Abstract 15995: Survival and Reintervention After Pulmonary Valve Replacement in Tetralogy of Fallot
Background: Surgical pulmonary valve replacement (PVR) in previously repaired tetralogy of Fallot (TOF) is frequently required. There are few data on large numbers of patients with long follow-up. Our aim was to review our 40-year experience with PVR after TOF repair, and evaluate prognostic factors for need of pulmonary valve reintervention and death.

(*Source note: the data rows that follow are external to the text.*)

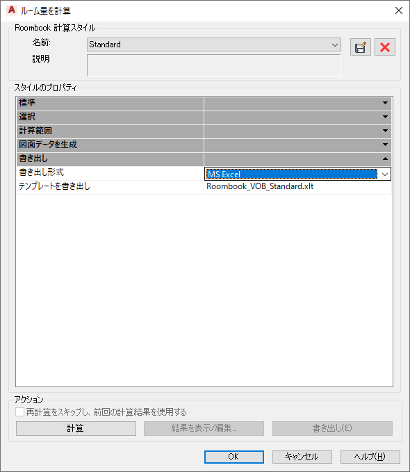 - [ルーム量を計算]ダイアログ ボックスで、[スタイルのプロパティ]領域の[書き出し]リストの[書き出し形式]リストから、[MS Excel]を選択します。
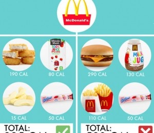 Combinatia cu cele mai putine calorii: Chicken McNuggets, Sucul de mere, Feliile de mere si Iaurtul cu capsuni care are un continut scazut de grasimi.
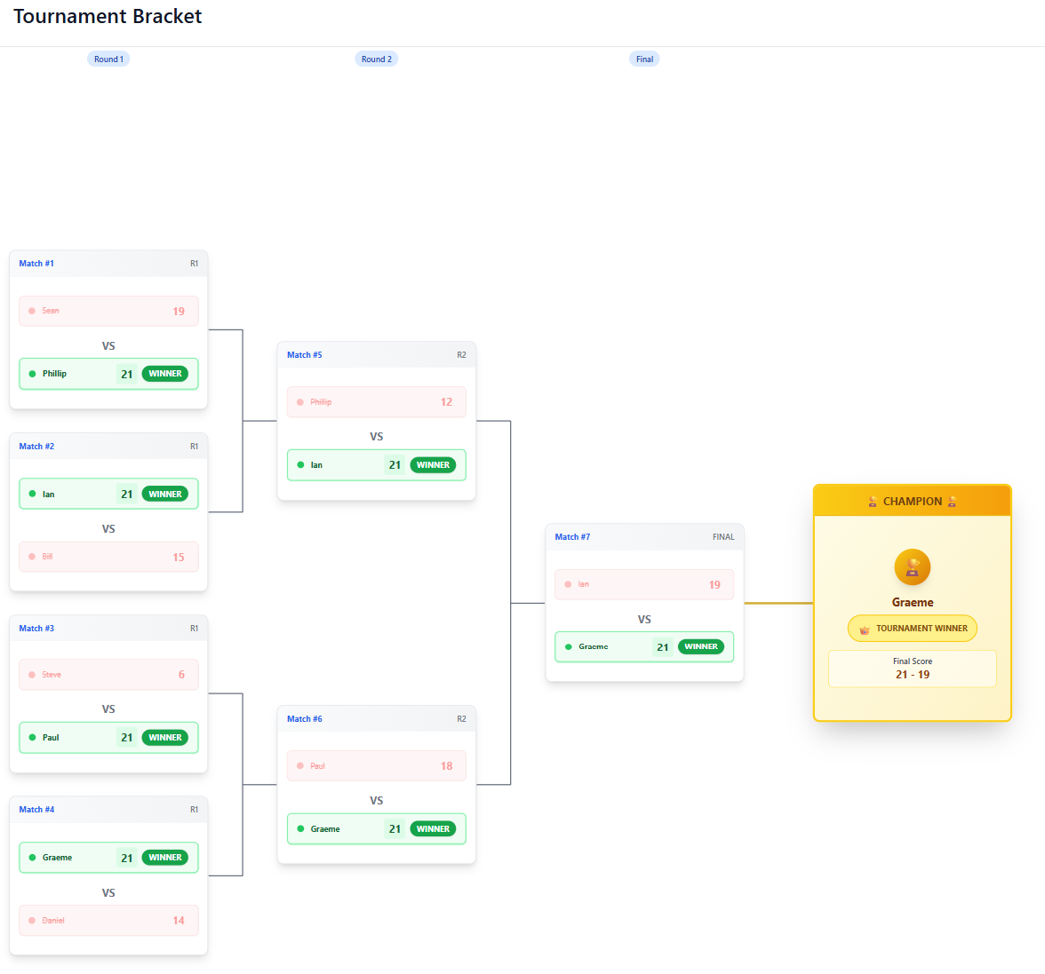 Once running, the system largely manages itself. When a tournament ends, scoring automatically reverts back to event and sponsor displays. Brackets progress in the background, and players are notified of their next matchup automatically.
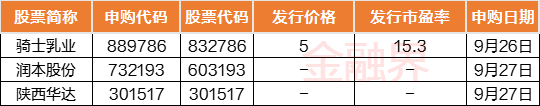 下周(9月25日-9月29日)A股市场3只新股发行,其中创业板1只,沪市主板1只,北交所1只。具体安排如下,周二1只,骑士乳业(北交所);周三2只:润本股份(主板)、陕西华达(创业板),上述公司股票的申购将在下周陆续开放。
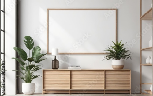 Mockup poster frame in modern interior with white wall and wooden console, home interior with plant, 3d rendering
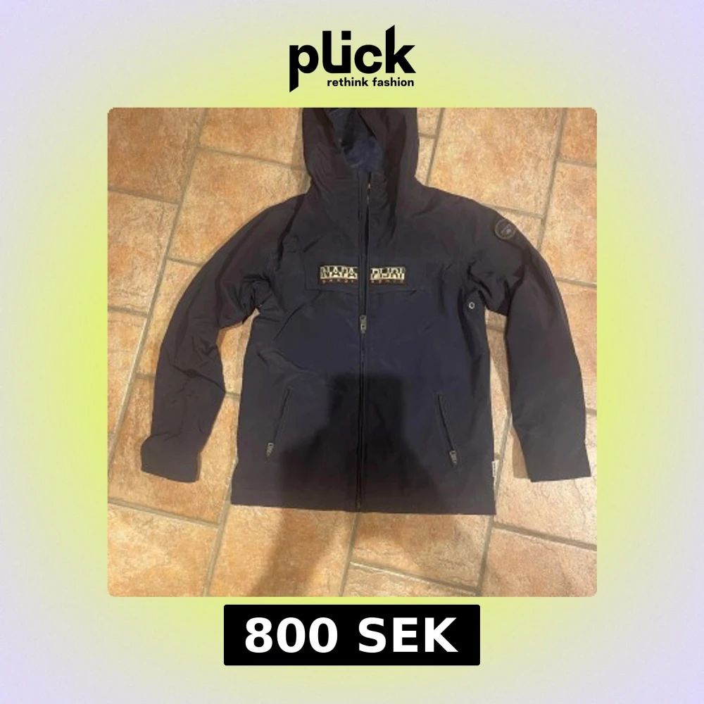 Snygg mörkblå vindjacka från Napapijri med huva och dragkedja framtill. Jackan har meshfoder och stort Napapijri-märke på bröstet. Nypris 1800
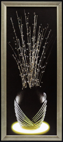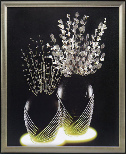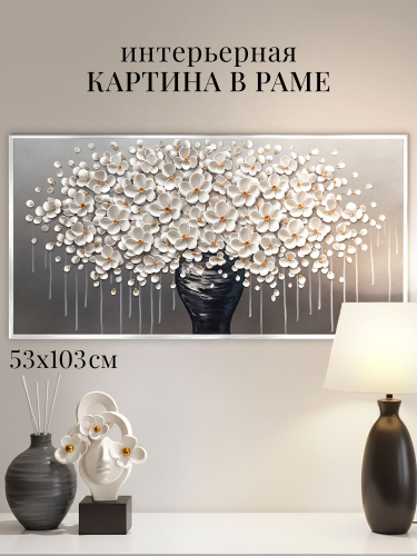 Картина на стену горизонтальная большая в серебряной раме "Белый букет" 53х103 см, Графис
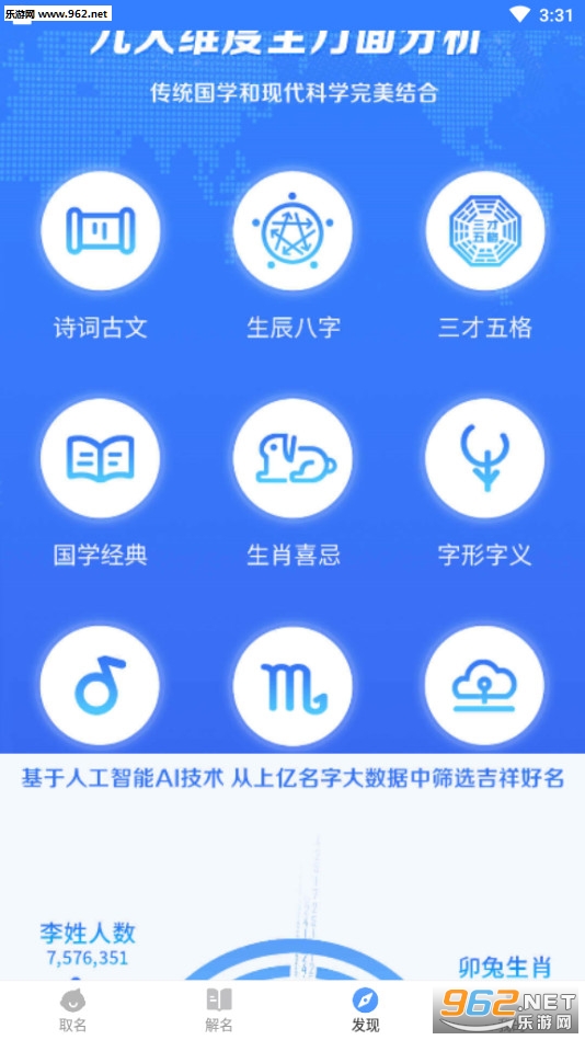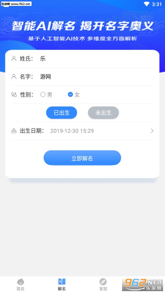2、一键智能起名解名,八字排盘,分析名字数理,方便快捷挑选高分吉名。
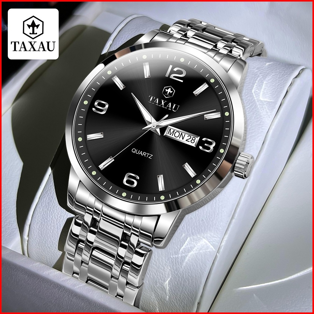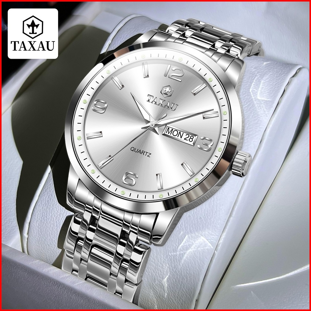 Taxau Jam Tangan Pria Original Anti Air Cowok Jam Tangan Pria Rantai Kalender Luminous Analog Arloji Bisnis Fashion Men
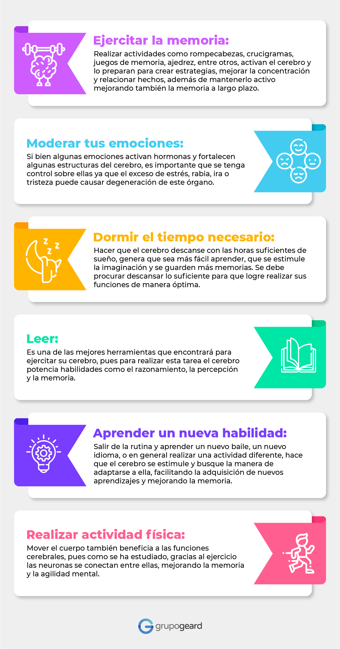 Para enseñarte esta información, preparamos una infografía en la cual podrás encontrar una serie de consejos que tenemos para que lleves a cabo y estimules tu cerebro de tal manera que puedas mejorar sus funciones.

Methods and Results: Between April 1973 and September 2012 (68% after 2000), 278 patients with repaired TOF (53% males; 31.4±16.4 years of age) underwent first PVR 24±13 years after TOF repair. Three or more prior operations were performed in 17% of the patients and 42% were NYHA class III/IV. Patients with previous conduit or PVR, a diagnosis of pulmonary atresia, absent pulmonary valve and/or concomitant atrioventricular septal defect were excluded. PVR types included porcine (n=211), pericardial (n=37), homograft (n=27) and mechanical (n= 3). Associated procedures were performed in 199 patients. Valve size (26.8±2.9mm) positively correlated with age and BSA (p<0.001). Early mortality was 1.4%. Mean follow-up was 7.3±6.8 years (maximum, 34 years). Overall survival at 5, 10 and 15 years was 93%, 83%, and 80%, respectively. Independent risk factors for death were older age at complete repair (hazard ratio [HR] 1.2, 95% confidence interval [CI] 1.03-1.3, p=0.012), ≥ 3 previous cardiac operations (HR 1.9, 95% CI 1.1-3.1, p = 0.019), NYHA class III/IV at PVR (HR 2.7, 95% CI 1.2-6.1, p=0.019) and large BSA at PVR (HR 1.9, 95% CI 1.4-2.5, p<0.001). Reintervention after initial PVR occurred in 25 patients (9%); 22 underwent surgical re-PVR and 3 had transcatheter PVR. Mean time to reintervention was 7.8±4.6 years. Overall 5, 10 and 15 year freedom from pulmonary valve reintervention was 97%, 85%, and 75%, respectively. Multivariate analysis demonstrated older age at PVR to be protective from reintervention (HR 0.7, 95% CI 0.6-0.9, p<0.001).
Conclusion: PVR is a safe operation with a low rate of reintervention in repaired tetralogy of Fallot. The total number of cardiac operations, surgical timing, and the NYHA classification prior to PVR are important prognostic factors.
- © 2013 by American Heart Association, Inc.